## Activity
Every line in the listing below from the one with "第三方数据平台显示,事件曝出" through the one with "もちろん本棚や戸棚の上などに" is to be reproduced exactly, both ends included; leave out the rest.

**** Dataset records

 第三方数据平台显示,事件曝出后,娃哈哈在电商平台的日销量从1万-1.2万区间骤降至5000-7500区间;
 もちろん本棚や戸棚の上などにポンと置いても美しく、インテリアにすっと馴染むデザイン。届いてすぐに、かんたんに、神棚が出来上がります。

********
**** Dataset records

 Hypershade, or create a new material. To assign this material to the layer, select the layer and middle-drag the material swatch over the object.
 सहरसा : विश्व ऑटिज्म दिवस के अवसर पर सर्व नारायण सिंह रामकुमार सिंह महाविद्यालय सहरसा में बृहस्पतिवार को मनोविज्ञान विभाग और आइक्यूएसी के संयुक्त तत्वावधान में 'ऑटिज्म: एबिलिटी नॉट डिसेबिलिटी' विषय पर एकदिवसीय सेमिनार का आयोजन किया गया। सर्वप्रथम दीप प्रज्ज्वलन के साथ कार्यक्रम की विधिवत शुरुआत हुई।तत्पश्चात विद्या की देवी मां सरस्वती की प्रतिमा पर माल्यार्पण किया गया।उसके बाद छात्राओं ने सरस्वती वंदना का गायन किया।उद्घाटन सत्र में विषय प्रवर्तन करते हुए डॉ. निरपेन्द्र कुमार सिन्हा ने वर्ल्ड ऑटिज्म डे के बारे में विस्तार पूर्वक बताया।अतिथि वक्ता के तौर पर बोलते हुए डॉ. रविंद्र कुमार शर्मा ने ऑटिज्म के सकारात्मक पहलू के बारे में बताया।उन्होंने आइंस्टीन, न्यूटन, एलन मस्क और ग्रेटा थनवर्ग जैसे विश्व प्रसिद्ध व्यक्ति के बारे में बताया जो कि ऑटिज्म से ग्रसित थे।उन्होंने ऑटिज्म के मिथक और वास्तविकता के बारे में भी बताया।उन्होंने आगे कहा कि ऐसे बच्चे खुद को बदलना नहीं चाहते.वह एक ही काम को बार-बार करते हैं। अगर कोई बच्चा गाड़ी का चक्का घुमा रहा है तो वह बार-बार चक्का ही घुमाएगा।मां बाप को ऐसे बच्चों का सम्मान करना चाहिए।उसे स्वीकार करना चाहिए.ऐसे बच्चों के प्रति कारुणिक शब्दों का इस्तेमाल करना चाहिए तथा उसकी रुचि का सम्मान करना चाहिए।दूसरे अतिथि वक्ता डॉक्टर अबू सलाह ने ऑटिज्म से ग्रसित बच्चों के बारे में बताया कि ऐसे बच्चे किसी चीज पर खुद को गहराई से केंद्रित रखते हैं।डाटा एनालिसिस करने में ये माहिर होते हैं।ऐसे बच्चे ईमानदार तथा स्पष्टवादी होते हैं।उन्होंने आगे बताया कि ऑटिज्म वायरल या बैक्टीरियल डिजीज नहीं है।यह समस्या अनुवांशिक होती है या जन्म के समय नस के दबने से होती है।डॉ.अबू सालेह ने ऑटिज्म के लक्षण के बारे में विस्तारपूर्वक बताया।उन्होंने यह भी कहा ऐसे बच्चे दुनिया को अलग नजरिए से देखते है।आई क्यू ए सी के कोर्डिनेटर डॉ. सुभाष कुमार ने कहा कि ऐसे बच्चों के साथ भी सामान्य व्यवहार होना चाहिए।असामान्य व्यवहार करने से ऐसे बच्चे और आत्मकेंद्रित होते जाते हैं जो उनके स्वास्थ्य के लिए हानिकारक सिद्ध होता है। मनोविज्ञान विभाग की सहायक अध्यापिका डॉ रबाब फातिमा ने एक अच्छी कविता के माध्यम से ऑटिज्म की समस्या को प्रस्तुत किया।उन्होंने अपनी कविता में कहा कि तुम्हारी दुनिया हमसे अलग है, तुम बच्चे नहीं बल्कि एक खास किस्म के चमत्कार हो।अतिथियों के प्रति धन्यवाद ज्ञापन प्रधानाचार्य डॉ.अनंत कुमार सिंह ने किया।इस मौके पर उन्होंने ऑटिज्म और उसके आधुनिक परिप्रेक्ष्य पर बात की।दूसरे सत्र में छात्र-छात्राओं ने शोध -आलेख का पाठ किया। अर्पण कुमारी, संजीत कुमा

********

## Answer section
 第三方数据平台显示,事件曝出后,娃哈哈在电商平台的日销量从1万-1.2万区间骤降至5000-7500区间;
 もちろん本棚や戸棚の上などにポンと置いても美しく、インテリアにすっと馴染むデザイン。届いてすぐに、かんたんに、神棚が出来上がります。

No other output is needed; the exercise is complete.